The colourful flower of the rock nettle Blumenbachia insignis in the Botanical Gardens of Bonn University.
(c) Photo: M. Weigend/Uni Bonn
„The mechanism is very similar to that of our well-known stinging nettles“, says Prof. Dr. Maximilian Weigend of the Nees-Institut for Biodiversity of Plants at Bonn University. There are additional differences between the only stinging nettles and rock nettles – which are only distantly related - apart from their different appearance: Native stinging nettles fortify their needle-like hairs with silica, while their spectacularly flowering South American counterparts employ calcium phosphate for that purpose.
Calcium phosphate has never previously been documented as a structural biomineral in higher plants. “The mineral composition of the stinging hairs is very smilar to that of human or animal teeth“ says Prof. Weigend, who has been researching the highly diverse rock nettles for the past 25 years.
Many scientists previously noted the strikingly rough hairs of this plant group, but nobody ended up researching their chemical composition. The botanists investigated the stinging hairs – built like hypodermic syringes - with their own electron microscope and in collaboration with colleagues from the Steinmann-Institute for Geology, Mineralogy and Paleontology and the Institute of Inorganic Chemistry of Bonn University.
Tips of the stinging hairs structurally similar to reinforced concrete
It could be shown that especially the mechanically highly stressed tips of the hairs are incrusted with calcium phosphate. „This is essentailly a composite material, structurally similar to reinforced concrete“, explains Prof. Weigend. The fibrous cellulose as the typical material of plant cell walls provides the scaffolding and is densely incrusted with tiny crystals of calcium phosphate. The scientist of Bonn University is convinced „This renders the stinging hairs unusually rigid”.

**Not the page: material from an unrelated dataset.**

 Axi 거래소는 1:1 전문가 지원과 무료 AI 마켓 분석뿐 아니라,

It is still unclear why rock nettles evolved this particular type of biomineralization, while most plants use silica or calcium carbonate as structural biominerals. „A common reason for any given solutions in evolution is that an organism possesses or lacks a particular metabolic pathway“, says Prof. Weigend. However, rock nettles are able metabolize silica and use it as a structural biomineral – side by side with calcium phosphate. It is not currently understood why it is particularly calcium phosphate that is used in the stinging hairs tips, the very substance that the mouthparts of their enemies also consist of. „At present we can only speculate about the adaptive reasons for this. But it seems that rock nettles pay back in kind – a tooth for a tooth” chuckles the biologist of Bonn University.

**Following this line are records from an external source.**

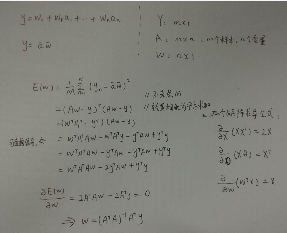 然而,如果当我们的样本X的数目比每个样本的维度还要小的时候,矩阵XTX将会不是满秩的,也就是XTX会变得不可逆,所以w*就没办法直接计算出来了。或者更确切地说,将会有无穷多个解(因为我们方程组的个数小于未知数的个数)。也就是说,我们的数据不足以确定一个解,如果我们从所有可行解里随机选一个的话,很可能并不是真正好的解,总而言之,我们过拟合了。
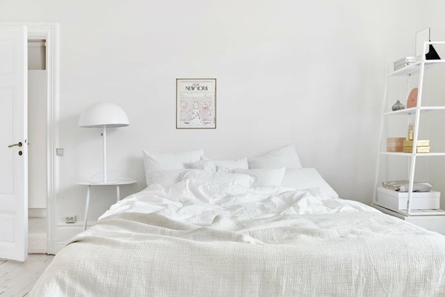 在这间昏暗的房间里有一张简单的白色木床,上面躺着一团被毛毯包裹着的小人。
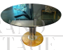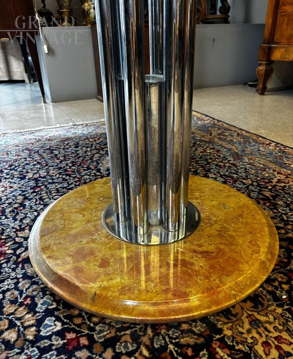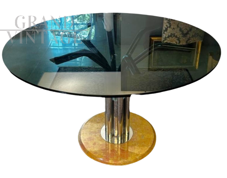 Tavolo rotondo vintage in acciaio, vetro fumé e marmo giallo, anni ‘70
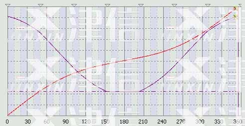 圖2凸輪曲線(xiàn)——紫色線(xiàn)為速度,紅色線(xiàn)為位置

Bionics: plant trichomes as templates for bone substitutes
Additional research projects are directed towards investigating which other plants may use structural calcium phosphate to face challenges in their natural environment and which biomechanical advantages this material conveys to the plants. The discovery is also of potential relevance for bionic applications. „Surgical bone substitutes have to be highly tissue compatible, cellulose-composite are likely to meet that criterion“, says Prof. Weigend. First attempts at producing artificial cellulose-calcium phosphate composite have been made by other researchers, but so far a natural template was unknown. The cellulose-calcium phosphate composite in rock nettles could be just such a template.

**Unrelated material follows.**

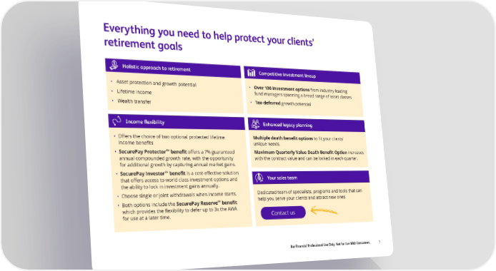 Everything you need to help protect your clients’ retirement goals Holistic approach to retirement Competitive investment lineup • Asset protection and growth potential • Over 100 investment options from industry leading • Lifetime income fund managers spanning a broad range of asset classes • Wealth transfer • Tax-deferred growth potential Income 昀氀exibility Enhanced legacy planning • O昀昀ers the choice of two optional protected lifetime Multiple death bene昀椀t options to 昀椀t your clients’ income bene昀椀ts unique needs. SM • SecurePay Protector bene昀椀t o昀昀ers a 7% guaranteed Maximum Quarterly Value Death Bene昀椀t Option increases annual compounded growth rate, with the opportunity with the contract value and can be locked in each quarter. for additional growth by capturing annual market gains. SM • SecurePay Investor bene昀椀t is a cost-e昀昀ective solution Your sales team that o昀昀ers access to world class investment options and the ability to lock in investment gains annually. • Choose single or joint withdrawals when income starts. Dedicated team of specialists, programs and tools that can SM help you serve your clients and attract new ones • Both options include the SecurePay Reserve bene昀椀t which provides the 昀氀exibility to defer up to 3x the AWA Contact us for use at a later time. For Financial Professional Use Only. Not for Use With Consumers. 3
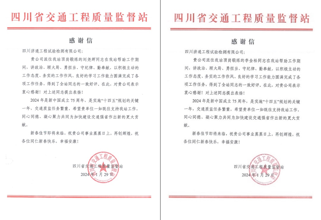近日,公司收到兩封來自四川省交通工程質量監(jiān)督站感謝信,信中對我公司劉堯輝、李金松兩位借調人員的工作表現(xiàn)給予充分的肯定...

Publication: Hans-Jürgen Ensikat, Thorsten Geisler & Maximilian Weigend: A first report of hydroxylated apatite as structural biomineral in Loasaceae – plants‘ teeth against herbivoren, Scientific Reports, DOI: 10.1038/srep26073
Prof. Dr. Maximilian Weigend
Nees-Institut for Biodiversity of Plants
Johannes Seiler | idw - Informationsdienst Wissenschaft
First time-lapse footage of cell activity during limb regeneration
25.10.2016 | eLife
Phenotype at the push of a button
25.10.2016 | Institut für Pflanzenbiochemie
Ultrafast lasers have introduced new possibilities in engraving ultrafine structures, and scientists are now also investigating how to use them to etch microstructures into thin glass. There are possible applications in analytics (lab on a chip) and especially in electronics and the consumer sector, where great interest has been shown.
This new method was born of a surprising phenomenon: irradiating glass in a particular way with an ultrafast laser has the effect of making the glass up to a...
Terahertz excitation of selected crystal vibrations leads to an effective magnetic field that drives coherent spin motion
Controlling functional properties by light is one of the grand goals in modern condensed matter physics and materials science. A new study now demonstrates how...
Researchers from the Institute for Quantum Computing (IQC) at the University of Waterloo led the development of a new extensible wiring technique capable of controlling superconducting quantum bits, representing a significant step towards to the realization of a scalable quantum computer.
"The quantum socket is a wiring method that uses three-dimensional wires based on spring-loaded pins to address individual qubits," said Jeremy Béjanin, a PhD...
In a paper in Scientific Reports, a research team at Worcester Polytechnic Institute describes a novel light-activated phenomenon that could become the basis for applications as diverse as microscopic robotic grippers and more efficient solar cells.
A research team at Worcester Polytechnic Institute (WPI) has developed a revolutionary, light-activated semiconductor nanocomposite material that can be used...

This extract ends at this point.